BEGIN

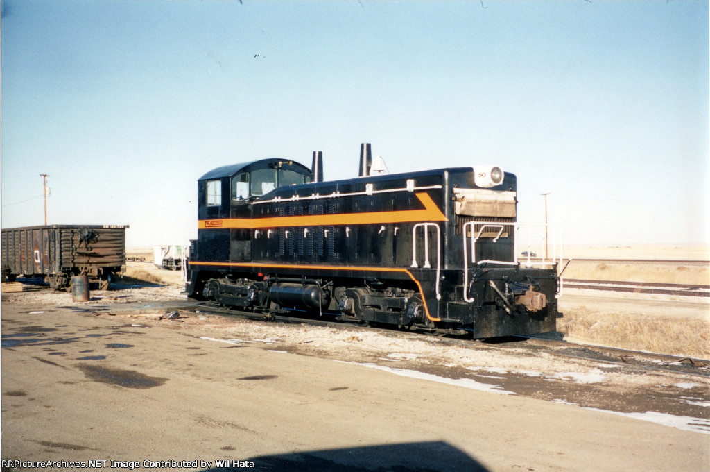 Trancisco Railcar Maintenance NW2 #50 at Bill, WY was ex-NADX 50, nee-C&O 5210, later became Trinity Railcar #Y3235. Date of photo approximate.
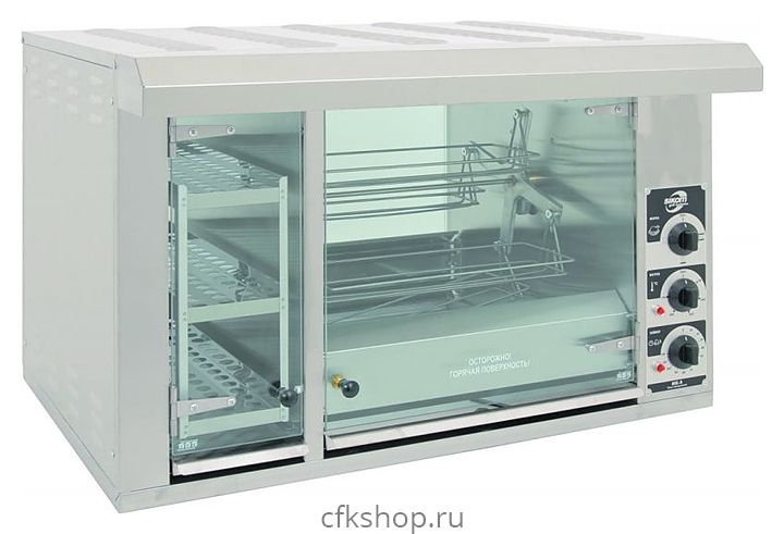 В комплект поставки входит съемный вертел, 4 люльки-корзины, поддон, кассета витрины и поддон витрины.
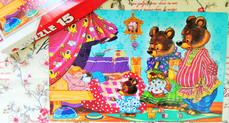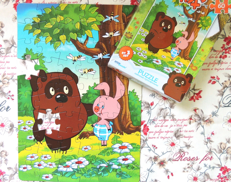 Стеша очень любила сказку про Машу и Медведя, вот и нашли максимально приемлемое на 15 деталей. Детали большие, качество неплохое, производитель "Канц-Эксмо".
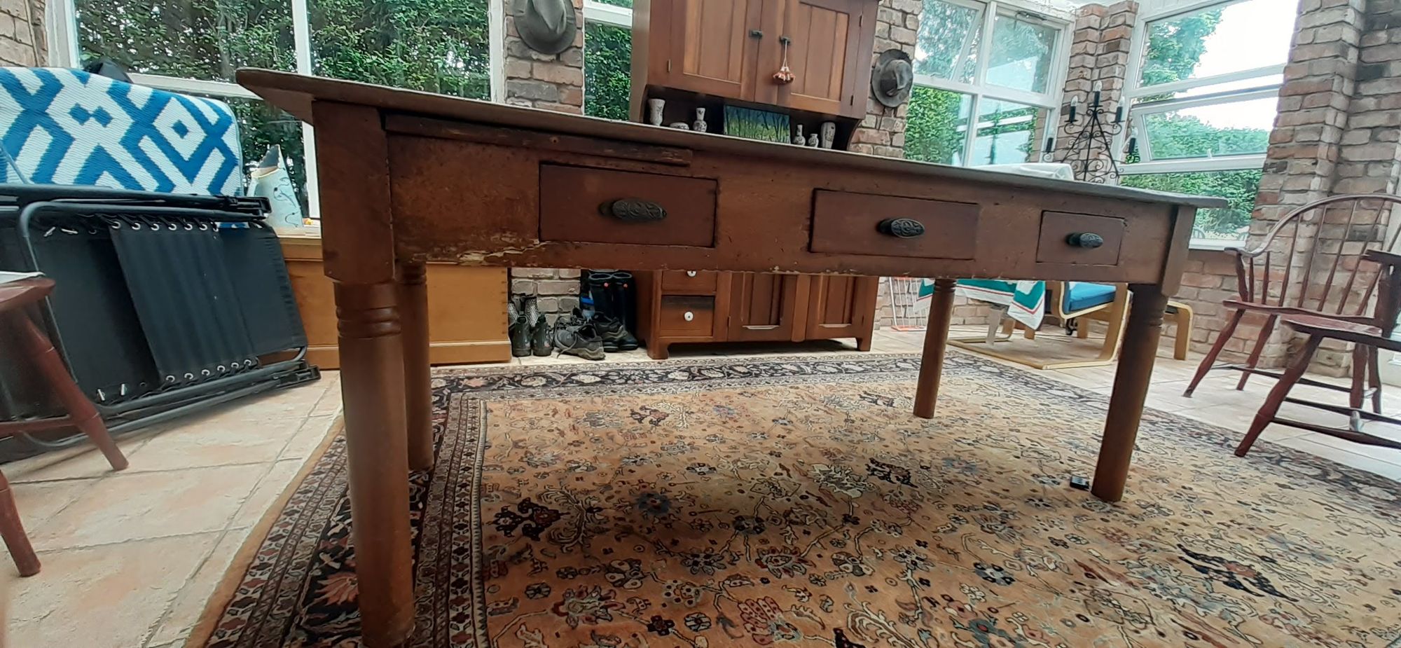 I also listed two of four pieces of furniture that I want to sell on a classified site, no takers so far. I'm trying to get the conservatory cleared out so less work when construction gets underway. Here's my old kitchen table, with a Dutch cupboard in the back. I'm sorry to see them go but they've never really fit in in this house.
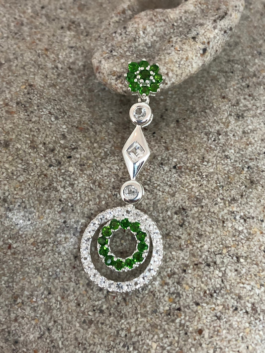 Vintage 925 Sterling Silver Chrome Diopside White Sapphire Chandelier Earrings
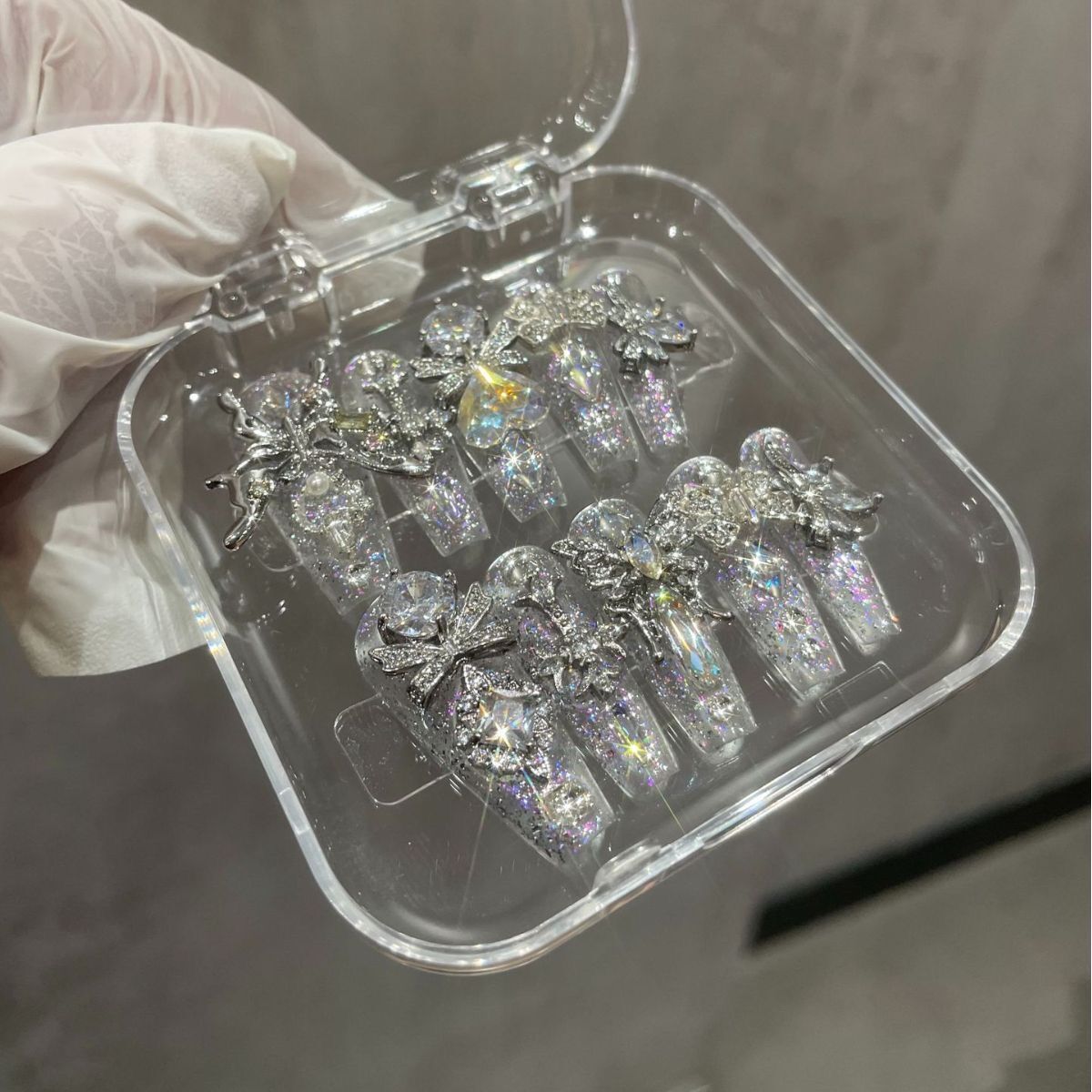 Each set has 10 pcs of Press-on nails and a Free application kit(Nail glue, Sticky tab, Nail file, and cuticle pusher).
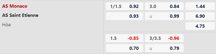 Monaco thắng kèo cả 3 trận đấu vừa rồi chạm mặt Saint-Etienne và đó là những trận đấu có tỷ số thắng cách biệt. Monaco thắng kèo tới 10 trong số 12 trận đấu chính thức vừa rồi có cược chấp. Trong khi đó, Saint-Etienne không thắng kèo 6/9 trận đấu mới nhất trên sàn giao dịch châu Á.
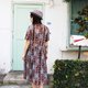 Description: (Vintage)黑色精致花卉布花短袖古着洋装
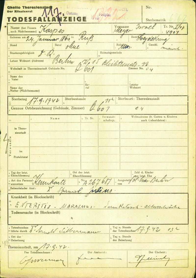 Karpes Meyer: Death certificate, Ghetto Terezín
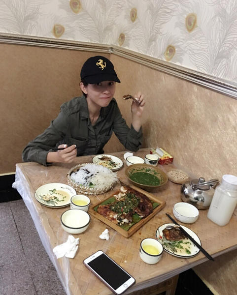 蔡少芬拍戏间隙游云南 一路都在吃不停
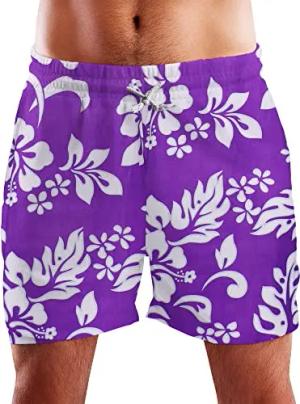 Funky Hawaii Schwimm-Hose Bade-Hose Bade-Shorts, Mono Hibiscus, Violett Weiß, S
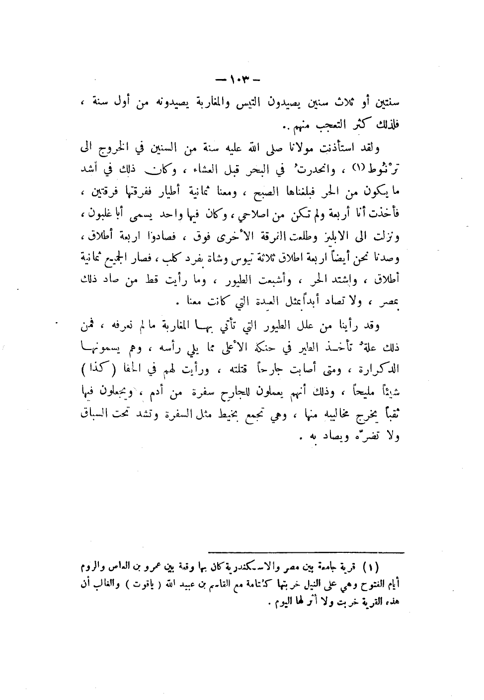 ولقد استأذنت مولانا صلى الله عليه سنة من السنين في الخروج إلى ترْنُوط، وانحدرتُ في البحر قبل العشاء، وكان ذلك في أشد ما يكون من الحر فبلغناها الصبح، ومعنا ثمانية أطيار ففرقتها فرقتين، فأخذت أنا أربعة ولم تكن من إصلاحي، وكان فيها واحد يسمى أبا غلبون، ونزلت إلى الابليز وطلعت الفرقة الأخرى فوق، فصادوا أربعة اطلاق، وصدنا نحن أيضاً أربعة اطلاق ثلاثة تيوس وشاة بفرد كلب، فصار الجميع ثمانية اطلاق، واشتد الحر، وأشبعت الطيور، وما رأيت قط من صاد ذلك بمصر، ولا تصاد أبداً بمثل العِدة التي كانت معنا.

END
BEGIN

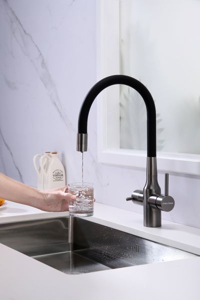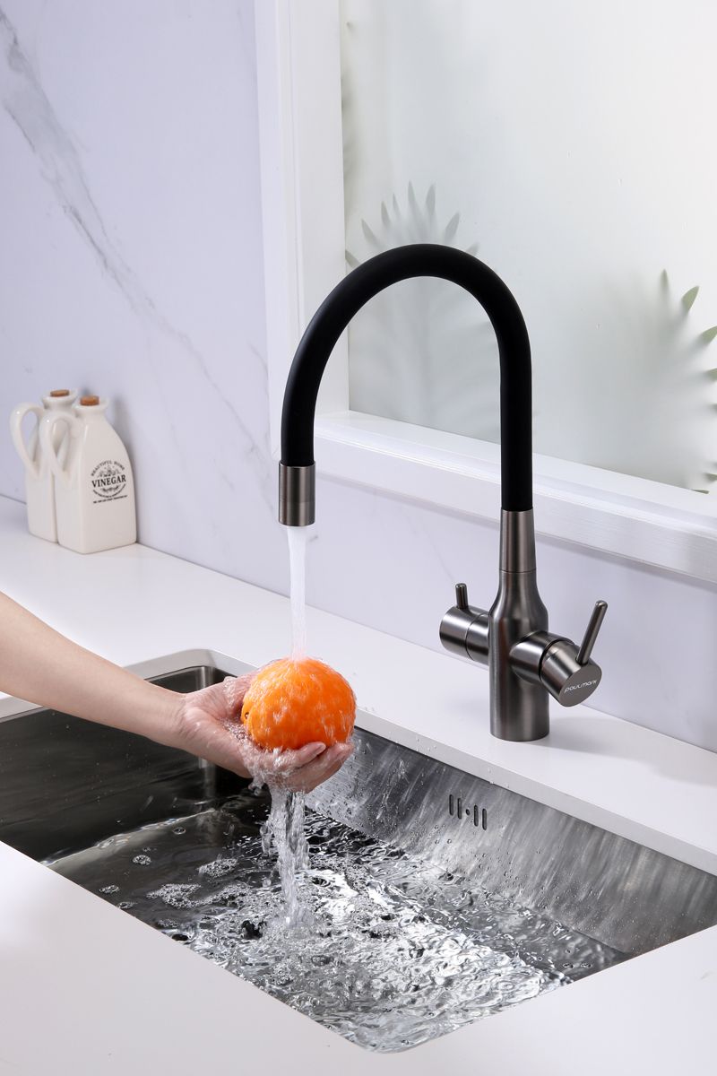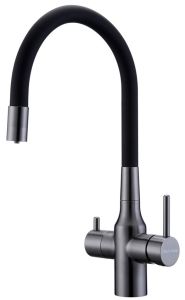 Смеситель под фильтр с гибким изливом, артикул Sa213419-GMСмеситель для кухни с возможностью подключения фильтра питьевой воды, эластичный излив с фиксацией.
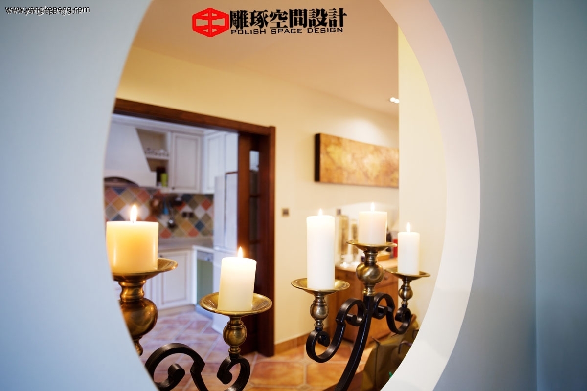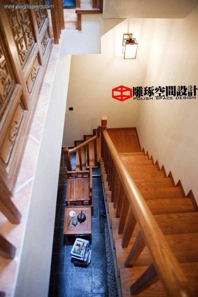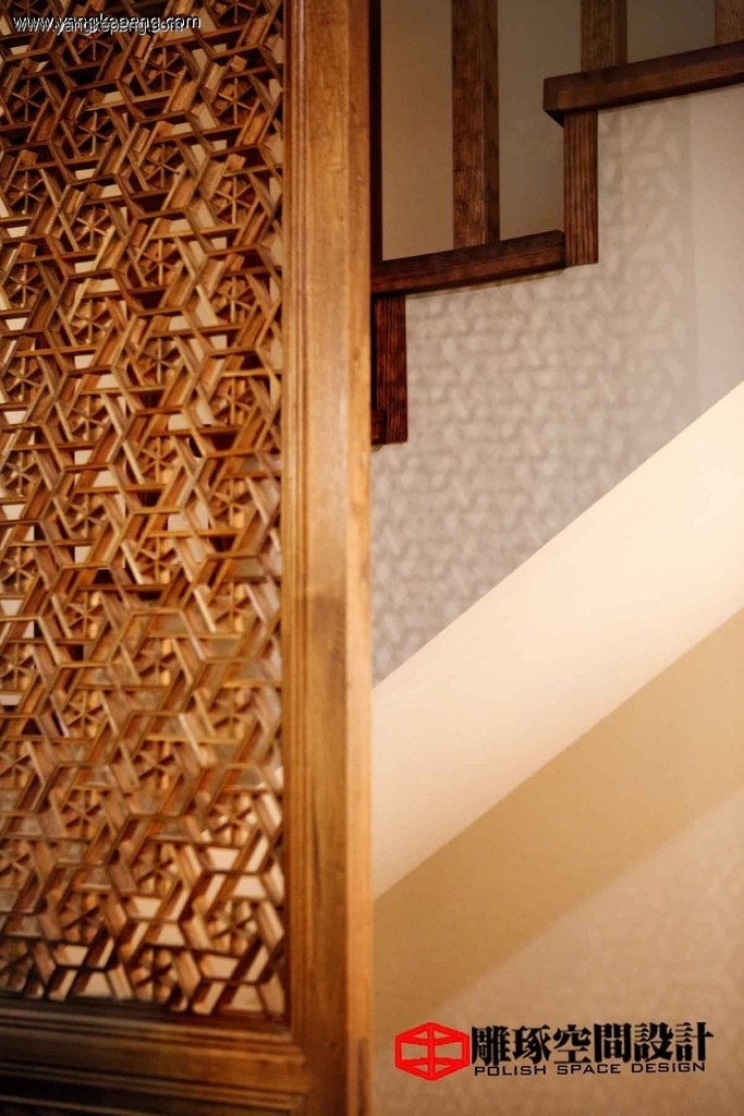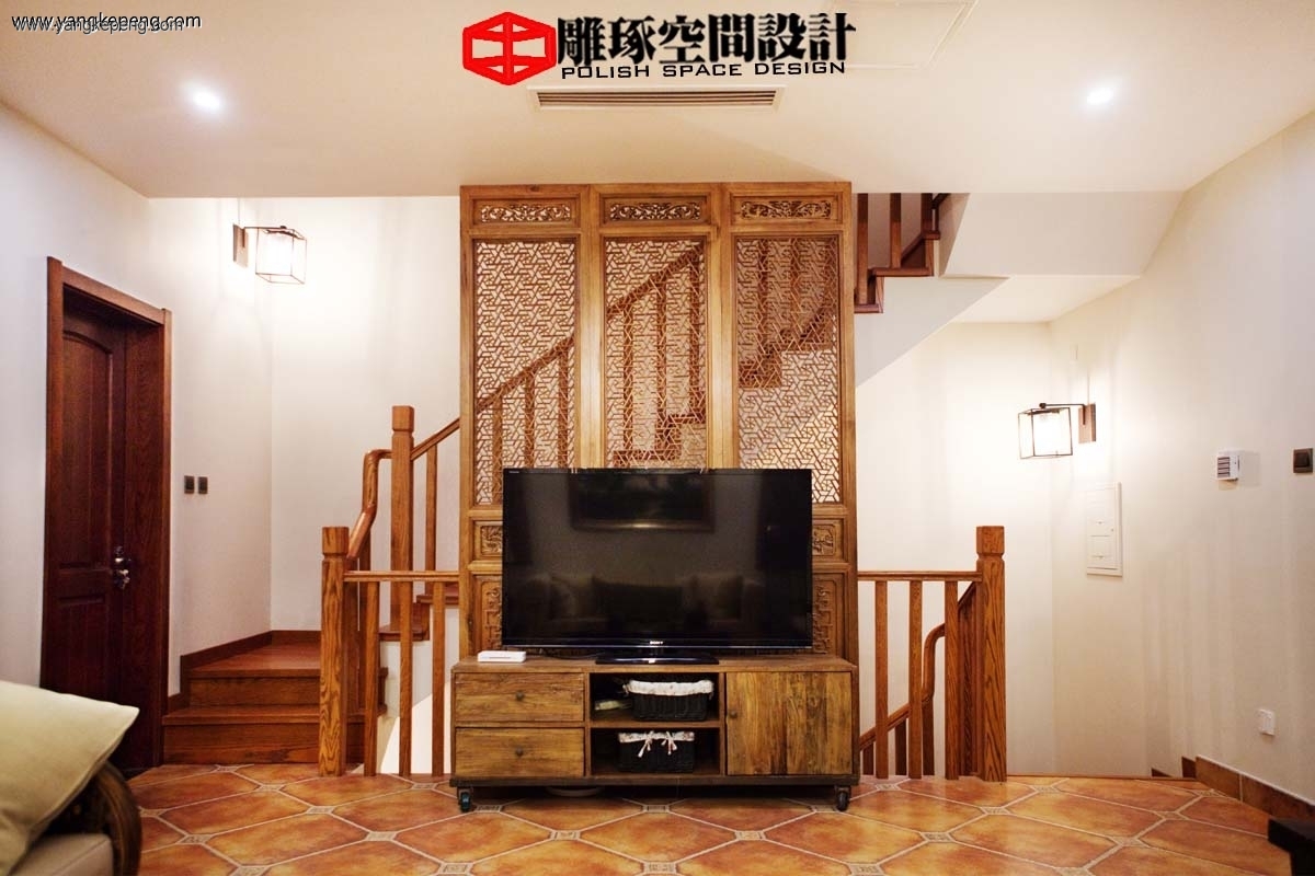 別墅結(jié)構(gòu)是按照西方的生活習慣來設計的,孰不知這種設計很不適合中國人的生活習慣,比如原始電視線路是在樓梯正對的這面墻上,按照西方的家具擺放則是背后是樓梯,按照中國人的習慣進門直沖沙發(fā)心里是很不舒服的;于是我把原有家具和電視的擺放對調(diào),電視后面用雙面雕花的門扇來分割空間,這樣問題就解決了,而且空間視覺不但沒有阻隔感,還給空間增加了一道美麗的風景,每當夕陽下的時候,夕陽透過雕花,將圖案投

END
BEGIN

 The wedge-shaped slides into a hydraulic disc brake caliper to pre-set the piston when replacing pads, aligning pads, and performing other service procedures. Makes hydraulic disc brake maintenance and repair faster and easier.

END

**WHAT IS EXPECTED**
Work from the entries above. Set down exactly and only the lines from the line with "蔡少芬拍戏间隙游云南 一路都在吃不停" to the line with "Funky Hawaii Schwimm-Hose", both included, and leave the pictures out.

**ANSWER FOR THIS EXERCISE**
 蔡少芬拍戏间隙游云南 一路都在吃不停
 Funky Hawaii Schwimm-Hose Bade-Hose Bade-Shorts, Mono Hibiscus, Violett Weiß, S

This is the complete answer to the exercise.